» Source information
%%
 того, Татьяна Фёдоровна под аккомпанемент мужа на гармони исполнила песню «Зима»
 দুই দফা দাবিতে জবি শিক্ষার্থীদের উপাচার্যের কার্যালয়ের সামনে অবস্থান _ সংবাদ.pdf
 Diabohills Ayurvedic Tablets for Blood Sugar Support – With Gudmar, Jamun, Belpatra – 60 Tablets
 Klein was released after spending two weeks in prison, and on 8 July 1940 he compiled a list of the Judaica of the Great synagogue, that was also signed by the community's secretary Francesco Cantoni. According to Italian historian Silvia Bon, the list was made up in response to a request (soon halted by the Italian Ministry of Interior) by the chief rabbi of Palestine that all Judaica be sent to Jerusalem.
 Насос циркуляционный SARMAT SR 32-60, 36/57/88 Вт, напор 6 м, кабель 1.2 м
%%
%%
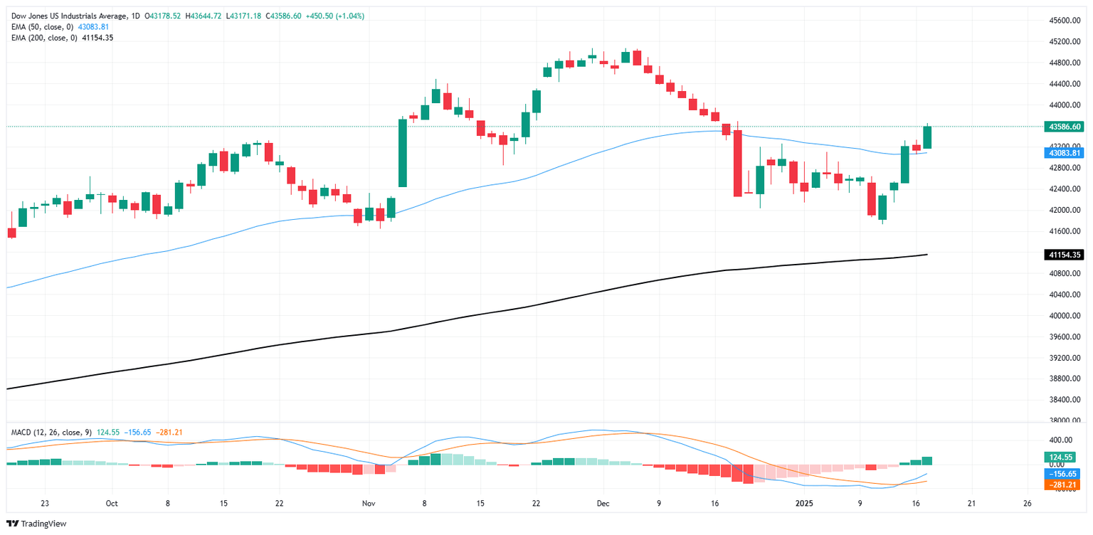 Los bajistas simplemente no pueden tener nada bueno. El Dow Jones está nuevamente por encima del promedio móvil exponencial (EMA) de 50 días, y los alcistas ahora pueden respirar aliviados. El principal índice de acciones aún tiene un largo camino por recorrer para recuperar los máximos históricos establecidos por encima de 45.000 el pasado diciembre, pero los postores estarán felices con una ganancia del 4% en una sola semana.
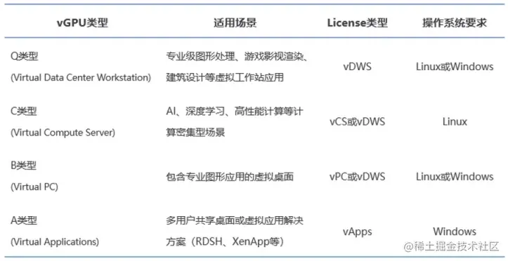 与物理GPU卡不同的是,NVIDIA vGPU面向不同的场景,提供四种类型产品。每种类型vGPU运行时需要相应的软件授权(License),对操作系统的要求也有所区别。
%%
%%
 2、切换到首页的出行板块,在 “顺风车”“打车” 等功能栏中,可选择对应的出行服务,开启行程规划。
%%
» Aim of the task
Transcribe the lines above between the line holding "Klein was released" and the line holding "Насос циркуляционный SARMAT", inclusive, exactly as they stand and with nothing added.

» The completed task
 Klein was released after spending two weeks in prison, and on 8 July 1940 he compiled a list of the Judaica of the Great synagogue, that was also signed by the community's secretary Francesco Cantoni. According to Italian historian Silvia Bon, the list was made up in response to a request (soon halted by the Italian Ministry of Interior) by the chief rabbi of Palestine that all Judaica be sent to Jerusalem.
 Насос циркуляционный SARMAT SR 32-60, 36/57/88 Вт, напор 6 м, кабель 1.2 м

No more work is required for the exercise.